VM Component Protection (VMCP)
vSphere HA traditionally handles host-level failures. VMCP extends that protection to storage failures — scenarios where a host itself is running but it can no longer reach the storage backing its VMs.
Two storage failure modes are recognised:
Permanent Device Loss (PDL): The storage array or fabric signals that the storage device is permanently gone — it will not come back. VMCP responds aggressively: HA powers off the affected VMs and restarts them on other hosts that still have storage access.
All Paths Down (APD): All I/O paths to the storage device are lost, but no permanent-failure signal has been received. This could be a transient cable or fabric issue. VMCP’s APD response is more cautious because acting too quickly on a transient failure wastes a VM restart. Two response modes are available:
- Conservative: Power off VMs only if HA can confirm that another host can restart them.

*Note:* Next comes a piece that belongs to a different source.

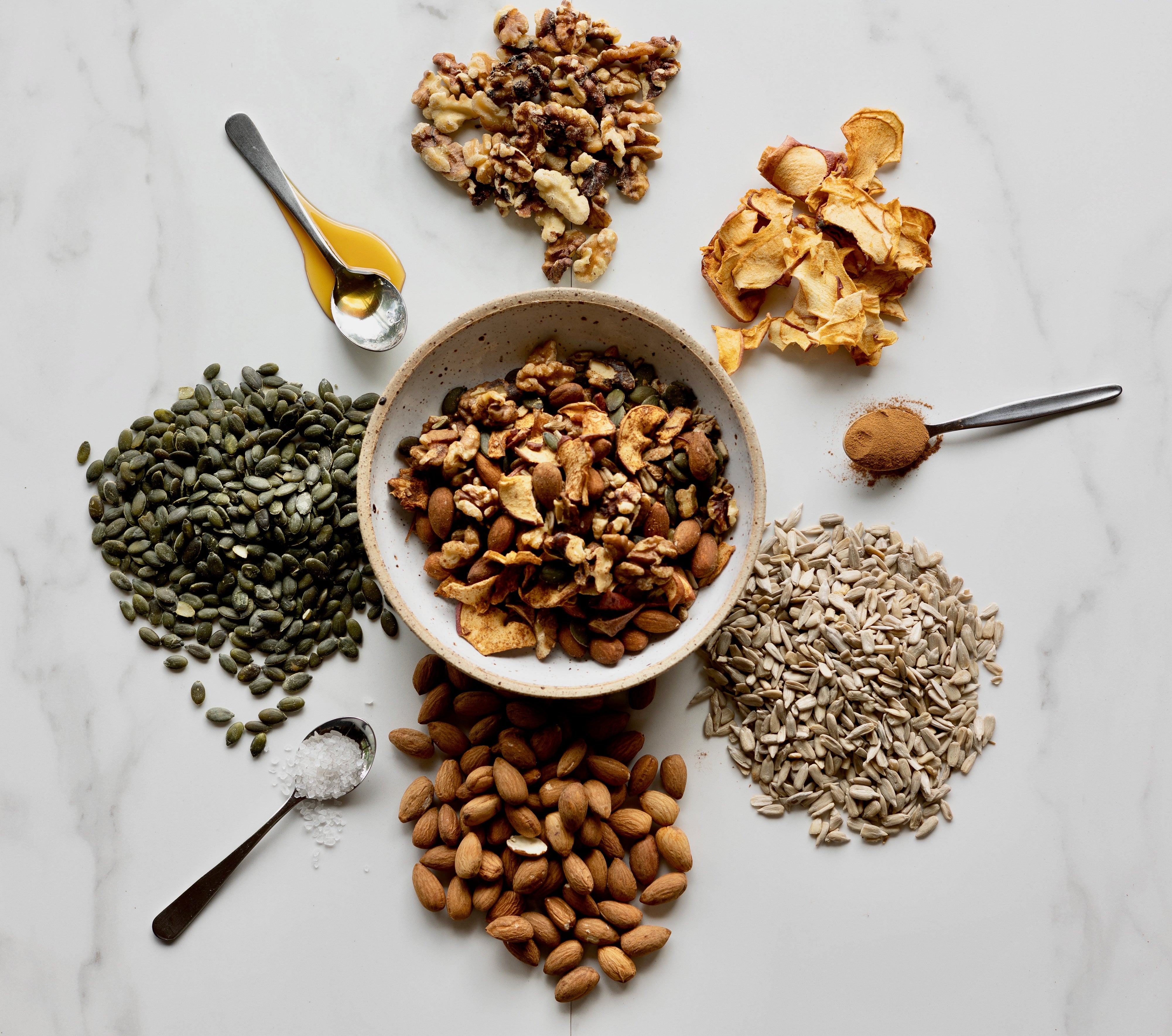 Ingredients: Activated almonds, walnuts, organic apple chips, organic activated sunflower seeds, organic activated pumpkin seeds, maple syrup, cinnamon, organic NZ sea salt.

- Aggressive: Power off VMs regardless of whether a target host is confirmed available, betting that the storage will recover there even if it is lost here.
Proactive HA
Proactive HA integrates with hardware management tools (such as HPE iLO or Dell OMIVV) to receive degradation signals from host hardware before an actual failure occurs. A host reporting degraded memory, a failing PSU, or rising temperatures can be placed into quarantine mode — DRS avoids placing new VMs on it while existing VMs continue running — or maintenance mode, where DRS evacuates all VMs proactively. This shifts the recovery from reactive (restart after failure) to preventive (migrate before failure), eliminating the downtime window entirely for hardware degradation scenarios.
HA Requirements
- Shared storage accessible by all hosts in the cluster (required for datastore heartbeating)

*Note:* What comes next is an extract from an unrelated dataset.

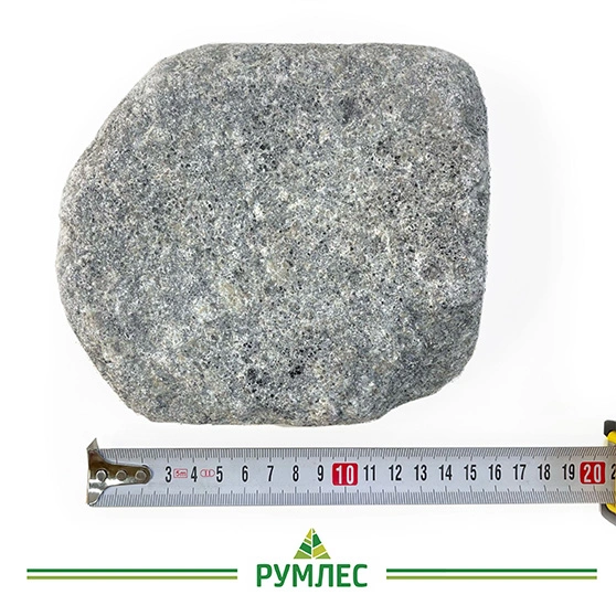 У обвалованного камня округлые формы, благодаря чему он эстетично смотрится вверху открытой каменки.

- Management network connectivity between all hosts
- Static IP addresses on all ESXi hosts — IPs must not change across reboots
- DNS resolution of all host names from every host in the cluster
- vSphere HA does not require vMotion or DRS to be configured, though the combination of all three is the standard production configuration
Summary
vSphere HA is the first line of defence against unplanned host failures in a vSphere cluster. Its dual heartbeat mechanism — management network plus datastore — distinguishes true failures from network isolation, avoiding spurious VM restarts. Admission control guarantees that spare capacity always exists to absorb a failure without resource contention. Restart priority lets administrators encode application tier dependencies into the recovery sequence. VMCP extends coverage from host failures to storage failures. Together these mechanisms mean that most unplanned infrastructure events result in automatic, ordered VM recovery within minutes rather than requiring manual intervention.